No business continuity management
Basic business continuity management
Good business continuity management
Excellent business continuity management
Nothing even vaguely approximating a policy towards business continuity
Something vaguely approximating a policy towards business continuity, though not very well documented, hard to locate and probably out of date
A clear strategy towards business continuity, supported by a firm policy owned and authorized by management and actively maintained
A coherent and comprehensive business continuity strategy, supported by suitable policies, procedures, guidelines and practices; strong coordination with other relevant parties
Business continuity requirements completely unknown
Major business continuity requirements identified, but typically just those mandated on the organization by law; limited documentation
Business impact analysis used systematically from time to time to identify, characterize and document business continuity requirements, both internal and external
Business continuity requirements thoroughly analyzed, documented and constantly maintained through business impact analysis, compliance assessments, business analysis, disaster analysis etc.

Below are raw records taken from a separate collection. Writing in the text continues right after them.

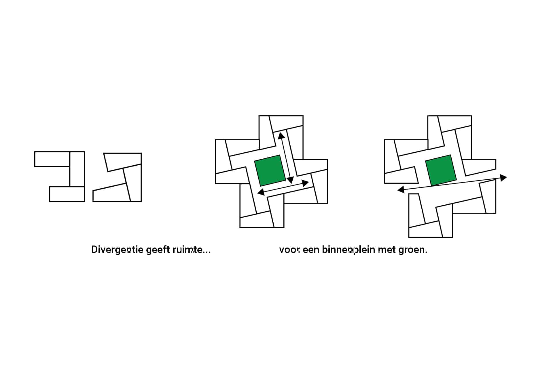 Het programma bestaat uit 72 wooneenheden van 50 m2. Het bouwsysteem is in samenwerking met de aannemer zodanig uitontwikkeld, dat ondanks de convergerende wanden, een eenvoudig bouwsysteem toe te passen is, waardoor het voordeel drieledig is:
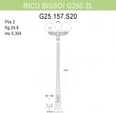 Садово-парковый фонарь FUMAGALLI серии GLOBE 250, модель GLOBE 250/RICU/BISSO 2L. Парковый торшер, столб RICU с двумя уличными фонарями GLOBE 250 на малых консолях BISSO. Используются для архитектурного и ландшафтного освещения в стиле "классика". Место установки столбиков освещения - парковые дорожки, cкверы, садовые участки, тротуары, а так же ландшафтные и архитектурные объекты. Изготовлены в Италии, по уникальным технологиям "FUMAGALLI" из современного композитного полимера RESIN. Этот материал в 5 раз прочнее металла, не ржавеет, не окисляется, не выгорает на солнце, его не нужно красить. Все светильники пыле-влаго защищены по стандарту IP55 (Пыленепроницаемые, защита от водяных струй с любого направления). В комплекте идут крепежи и закладные элементы. Рассеиватель выполнен из антивандального, не мутнеющего и не горючего PMMA (ПолиМетилМетаАкрилат). Срок службы светильника - не менее 20 лет. Температура использования от -60 до +90. В серии GLOBE 250 есть фонари в настенном (BISSO/GLOBE 250, OFIR/GLOBE 250, MIRRA/GLOBE 250, PORPORA/GLOBE 250) подвесном (SICHEM/GLOBE 250) и наземном исполнении (IAFAET.R/GLOBE 250, ALOE.R/GLOBE 250, ARTU/GLOBE 250, GIGI/GLOBE 250, RICU/GLOBE 250, RICU/ISSO/GLOBE 250 1L, RICU/ISSO/GLOBE 250 2L, RICU/ISSO/GLOBE 250 3L) со столбами разной высоты, с разным количеством и конфигурацией голов. Консоли настенных фонарей и кронштейны светильников на столбах освщения могут устанавливаться вверх/вниз. Столбы выше 150 см имеют в основе мощную стальную трубу с двойной оцинковкой. При заказе требуется выбрать цвет корпуса, цвет плафона и тип патрона. По стилю и дизайну серия уличных светильников GLOBE 250 похожа на светильники большого размера GLOBE 400 и на светильники среднего размера GLOBE 300. Тип крепления: Анкерная закладная ТИП "B" (3 закладных детали, рамка, гайки, декоративные колпачки). Комплектация: С уличной лампой "FUMAGALLI" яркостью 800Lm. Спец. для улицы, с защитой от скачков напряжения, перепадов температуры и повышенной влажности.
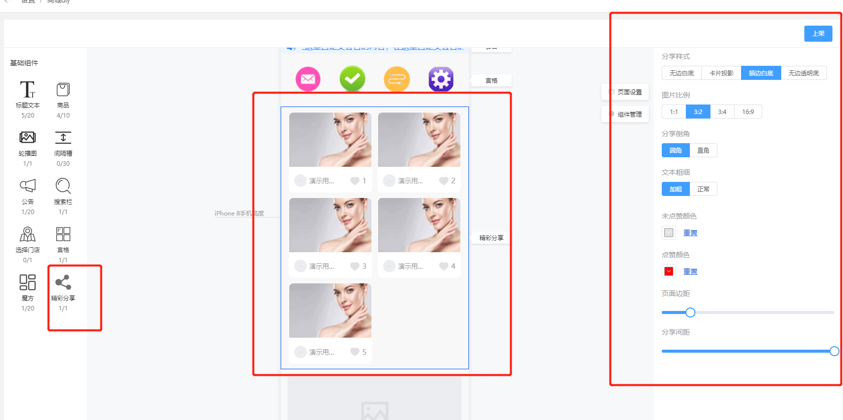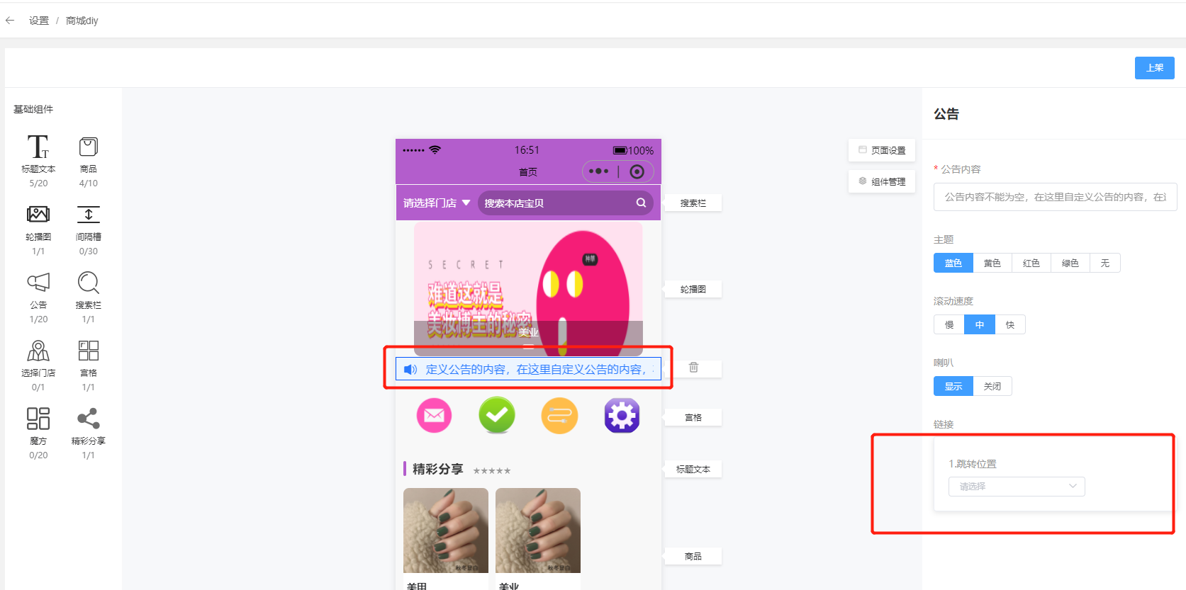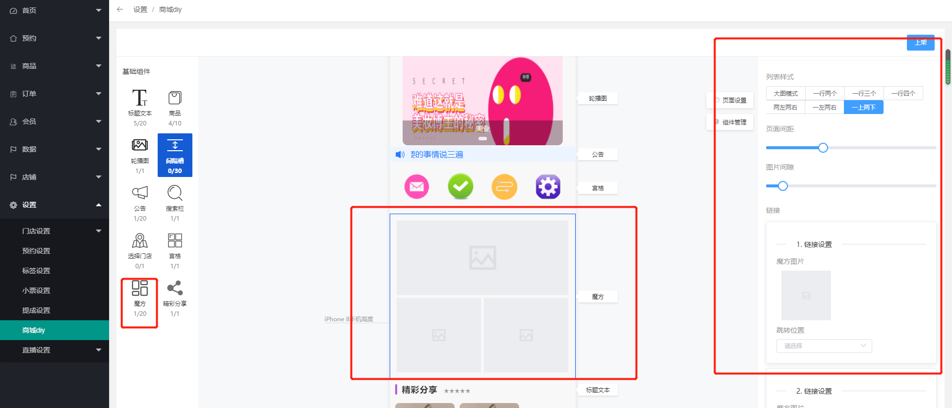 六、魔方,可以选择列表样式,调整页面间距和间隙,设置跳转链接

The table's four columns correspond to maturity scores of 0%, 33%, 67% and 100% respectively.  Each row in the table considers a different aspect or element of the measured area, in this case business continuity management, laying out four markers or sets of criteria for the four scores.   

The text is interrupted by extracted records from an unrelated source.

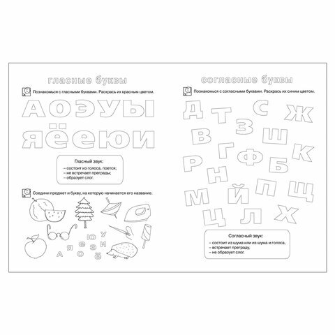 .Рабочая тетрадь построена в игровой форме и обязательно вызовет у ребенка интерес к чтению. Азбука с картинками в начале книжки поможет малышу вспомнить все буквы родного языка. Пусть ребенок раскрашивает картинки. Это не только развлечет его, но и поможет в развитии тонкой моторики и координации движений. Обратите внимание на то, чтобы ребенок раскрашивал аккуратно, не выходя за контуры рисунка.
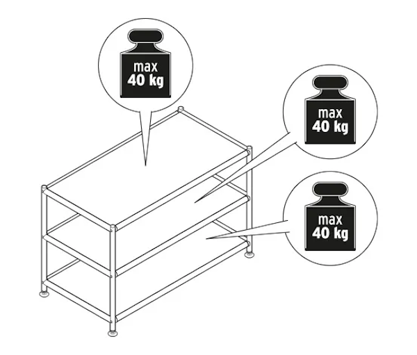 - Máx. 40 kg por estante
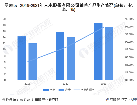 根据公司发布的招股说明书数据,2019-2021年人本股份有限公司轴承产品产能、产量及产能利用率均呈现逐年上涨的趋势,2021年人本股份有限公司轴承产品产能、产量及产能利用率分别为18.71亿套、17.56亿套以及93.85%。
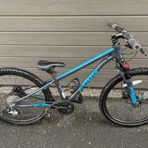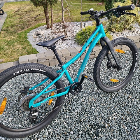 Hydrauliske skivebremser. Skjermer og støtte er montert. Meget pent brukt av jente som nå er 12år, men noen bruksmerker på overrøret (se bilde). Selges grunnet overgang til større sykkel.
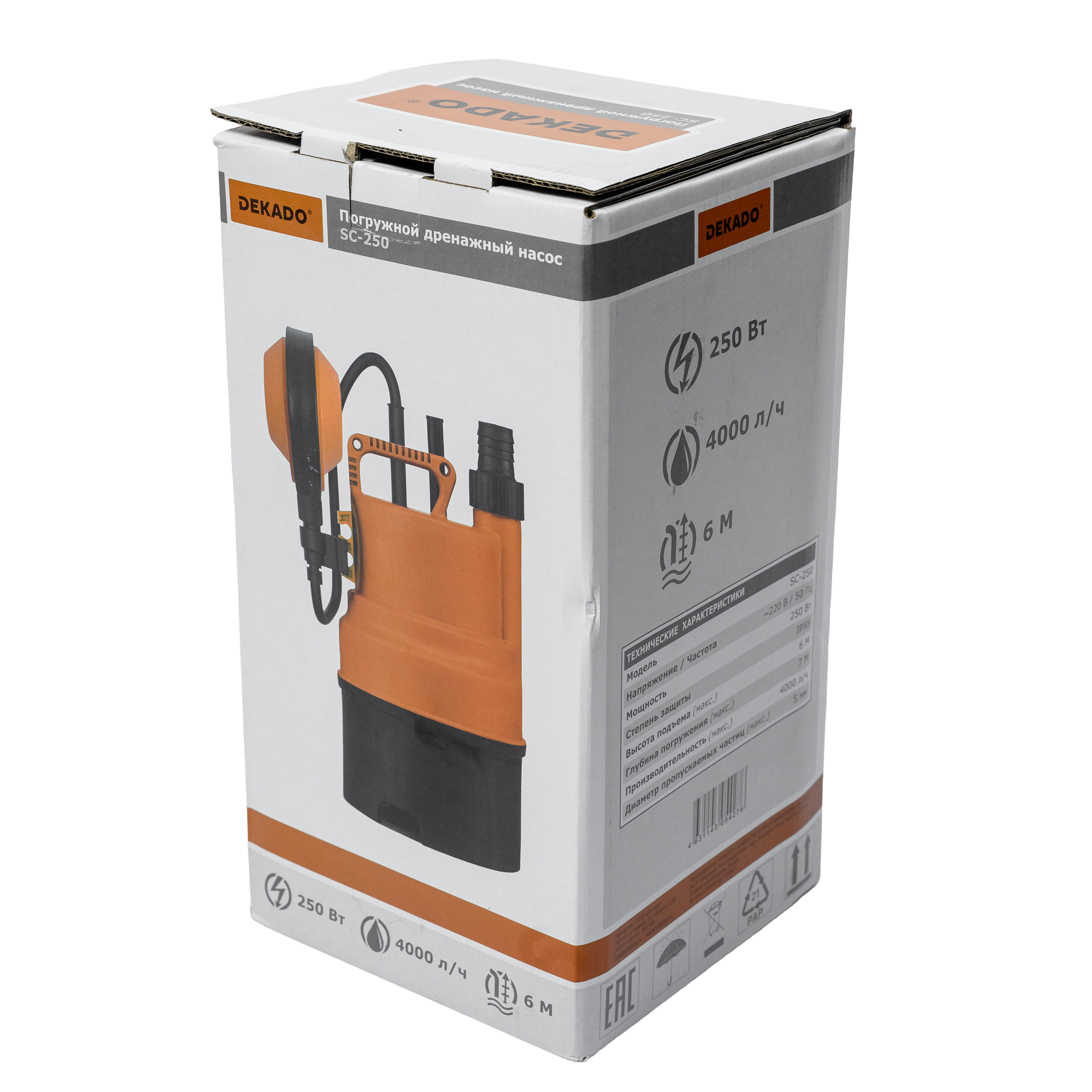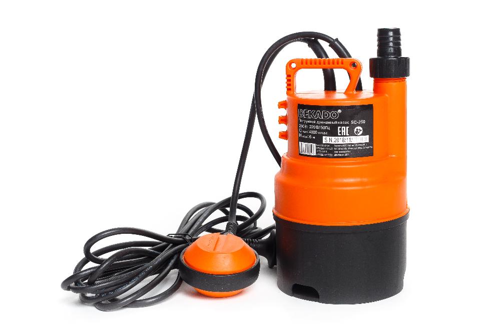 Насос погружной SС-250 DEKADO имеет корпус из пластика. Дренажный насос снабжен поплавковым выключателем, автоматически отключающим насос при отсутствии жидкости и автоматически включающим его при наличии жидкости для перекачивания. В случае перегрева или перегрузки, встроенная термозащита автоматически выключает насос и после остывания мотора автоматически его включает.
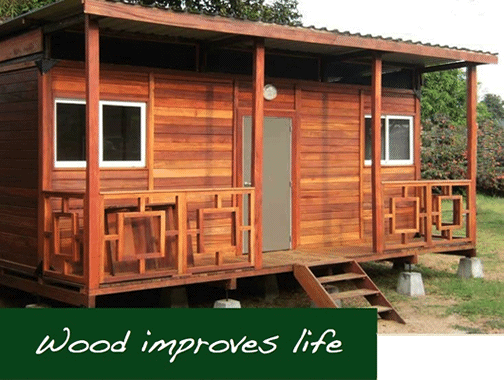 The patented solid wood supporting wall concept allows an extremely long lasting and technicaly stable construction. The use of tropical wood with great sturdiness and imputrescibility allows to offer healty and definitive solutions while offering a higher level of comfort than traditional materials (concrete, metal, plastic).
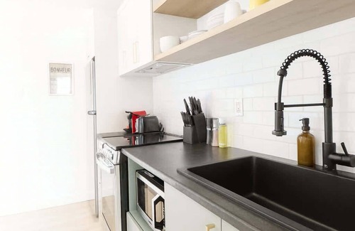 Welcome to Le Petit Bonheur de Limoilou! This bright and charming loft in Quebec City is perfect for a getaway. You'll find a comfortable bedroom, a fully equipped kitchen, and an inviting relaxation area. On-site amenities include free Wi-Fi, air conditioning, and private parking. Located near restaurants, shops, and Old Quebec, this accommodation combines comfort and a prime location to make your stay unforgettable.
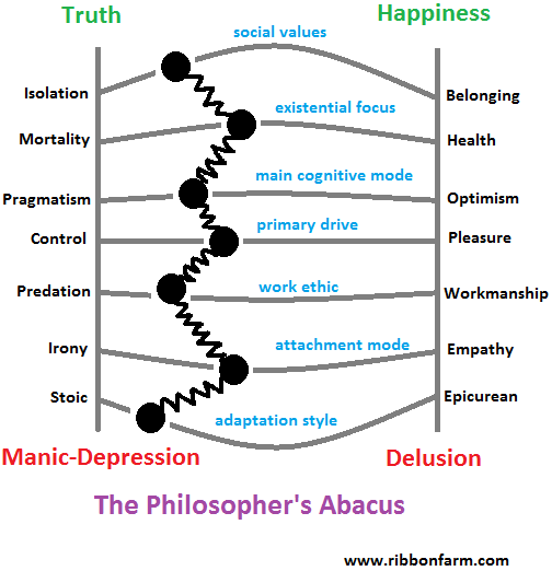 Where does the abacus come from? I believe it comes from genetics. Darwinism manifests itself in human behavior as an uneasy balance between our social natures and our competitive natures. Everything we do comes down to it. Genetics even drives our philosophical imagination. I know a lot of you will itch to challenge both this foundational premise and the specific ideas I have baked into the abacus visualization. The idea that truth and happiness are fundamentally opposed, and that happiness rests on a foundation of delusion, is a position that a lot of people will strongly object to. But let's not have that argument on the Ribbonfarm birthday week, okay? I have written, and continue to write, in defense of this picture. This whole blog is in a sense an ongoing defense of this picture. So we can continue the arguments as we go along (the next Gervais Principle piece is going to be about this stuff in particular).

If your management decides to adopt security maturity metrics like this, you could either take the scoring tables directly from the book (when available!), or use them as a starting point for customization.  Adapt them according to your experience in each area, integrating good practices recommended by various standards such as ISO27k and NIST's SP800-series, and organizations such as ISACA and the Business Continuity Institute.  Adjust the wording of the criteria to be more objective if you wish.  Include specific criteria or conditions.  Reference your policies, legal and regulatory obligations, whatever.

You may for instance feel that certain aspects of business continuity management are far more important than others, in which case you could weight the scores from each row accordingly ... but doing so would further complicate the scoring process and might lead to interminable discussions about the weightings, rather than about the organization's business continuity management maturity.  

Similarly, you may prefer further or fewer columns, giving you more or less granularity in the criteria.  Knock yourself out.

The percentage scoring scale lets us score things "towards the lower edge of the category" if appropriate, and to fine-tune the scores to represent a range of situations (e.g. if two businesses, departments or business units both qualify for the 3rd column on a certain criterion but one is a bit stronger than the other, its score might be a few percent higher than the other).  

The flexible design of this style of metric, coupled with its high PRAGMATIC score, is why we find it so useful in practice.  It is a particularly good way of  measuring relatively subjective matters in a relatively objective and repeatable manner.